Cooper curated a visual identity for Fine that aligned with Drescher’s own personal style. Once Cooper collected the items for each episode, Dresher (and her then-husband and the show’s producer Peter Marc Jacobson) gave each look the final stamp of approval. “We never wanted her to look trashy, but we wanted her to look sexy in a way that was still sweet,” says Drescher. “She was very put together: hat, a purse, the shoes, the stockings. Everything worked together. Even a little really cute buttoned-up mini skirt suit was sexy, but it had a certain sophistication to it that made it seem more sweet.”
That balance of sweet, sexy, and sophisticated was achieved through clever styling and masterful sourcing. “I would find cocktail dresses, but she’s a nanny, so she can’t be walking around the house in a sequin cocktail dress in the middle of the day,” says Cooper. “So put a black turtleneck underneath it… and black opaque hose, a black suede shoe—very specific black suede because it doesn’t reflect the light. So you just see a silhouette…it would have had a different message if there wouldn’t have been black underneath it.”

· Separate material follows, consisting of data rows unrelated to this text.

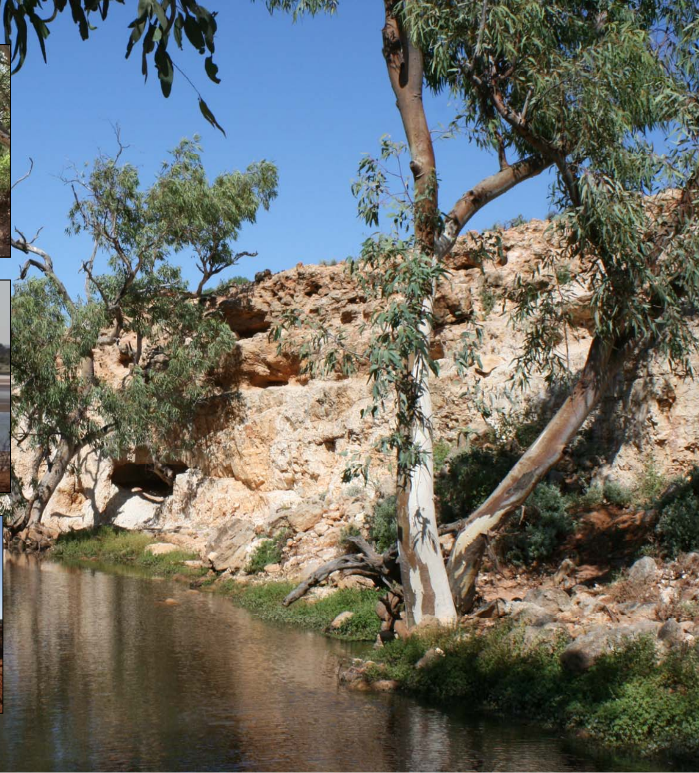
creeks and waterways
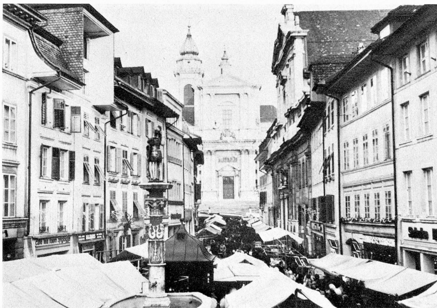
Restaurated Market place of Solothurn.

the original materials are still available in Switzerland or in neighbouring countries, but they are often appreciably dearer than comparable modern materials or take longer to prepare, which adds to the cost.
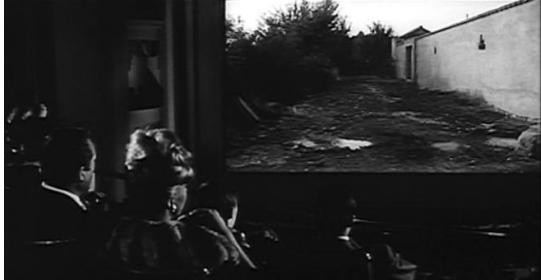
Figure 25: a German soldier drives his Figure 26: the war setting is revealed to Motorcycle towards a villa in Scenda l'Oblio, an episode from I Mostri (Dino class couple in a movie-theatre during Risi, 1963)

The looks continue to resonate thanks to their timeless nature. “What you see on The Nanny from the ‘90s wasn’t necessarily what was really going on in fashion,” says Cooper. Ben-Horin explains that it was, in fact, a complete departure from what was happening at the time.
“In the early 1990s, when The Nanny first aired, fashion was moving away from the exaggerated, over-the-top glam of the 1980s into a more sober, sophisticated style—from the Japanese designers that revolutionized Paris fashion weeks, to quintessential American brands like Donna Karan and Calvin Klein, which were championing a kind of clean, monochrome modern urban style,” says Ben-Horin. “The Nanny’s wardrobe highlighted fashion brands that didn’t conform to the spirit of the time, like Moschino, a house known for its playfulness and sense of humor.”
As a result, we still see elements of Nanny-esque fashion on runways and in street style. Think: The confluence of whimsy and structure from Colin Locasico. Graphic lines and abbreviated hems from Balmain. Sweet and sexy sparkles from Wiederhoeft. “A lot of the designers themselves grew up watching The Nanny, so they want to put their own spin on it and express it their way,” says Drescher. More so than replicating the show’s looks, today’s designs embrace its archetypal refined maximalism.
Using Fashion as a Form of Self-Love
Fran Fine from the Nanny
Getty Images / InStyle
Fran Fine’s fashion legacy runs deeper than colorful sequins and bold patterns. “She was a true original and exuded a certain confidence,” says Drescher. “The global message of the show was: It doesn’t matter what you look like or sound like; it’s what’s in your heart that counts. And every single episode spoke to that.”